By Pavel Salazar-Fernandez (epsalazarf@gmail.com)
Human Population and Evolutionary Genomics Lab | LANGEBIO
Documentation: pong (GitHub)
This document explains how to generate multiple ADMIXTURE data for integration in pong.
pong is a package consisting of a new algorithm for fast post-hoc analysis of clustering inference output from population genetic data and a custom, interactive D3.jsbased data visualization. Our package solves the challenges of accounting for label switching, characterizing multiple modes, and aligning Q matrices across values of K by constructing weighted bipartite graphs for each pair of Q matrices depicting similarity in membership coefficients between clusters.

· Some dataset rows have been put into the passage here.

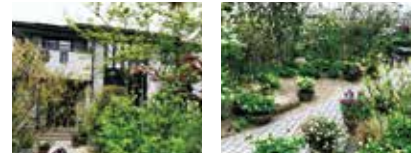
写真1枚で応募できる 「ワンショット部門」

「ワンショット部門」は携帯電話やスマホの写真1枚で簡単に応募できます。気軽にご応募ください。
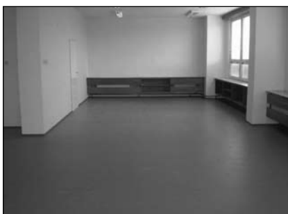
Nová podlaha ve třídě
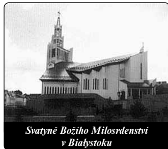
Svatyně Božího Milosrdenství v Białystoku

B líží se 15. únor. Zde v Białystoku je to důležité, všem známé datum. Alespoň takový mám dojem. Białystok je přece Městem Milosrdenství. Když se mluví o Božím Milosrdenství, ne-
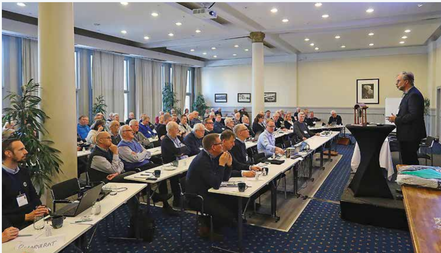
Ett 80-tal delegater från båtförbund i hela landet var samlade till årets Båtriksdag, som hölls i Karlstad.
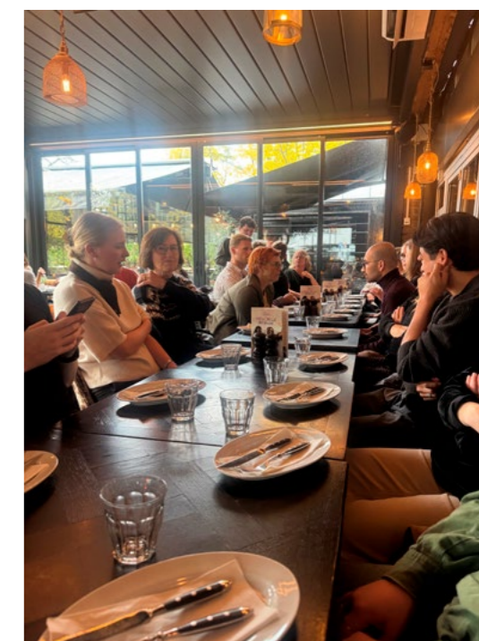
↑ Lunsj etter et alltid-fullspekket-KU-møte. Trivelig å møtes, men aldri nok tid.

For installation instructions, an introductory tutorial and the detailed manual, check the software web page:
Requires:
-
Get the PLINK binary files (.bed, .bim, .fam) to be analyzed. The dataset must contain only the samples of interest. Preferably, replace the samples'
FAMID
s with their population tags in the.fam
file for easier grouping and sorting. -
Run the multiple ADMIXTURE analysis with the following command (script is annexed at the end of this document):
multiAdmix.sh [DATASET] [minimum K] [maximum K] [iterations]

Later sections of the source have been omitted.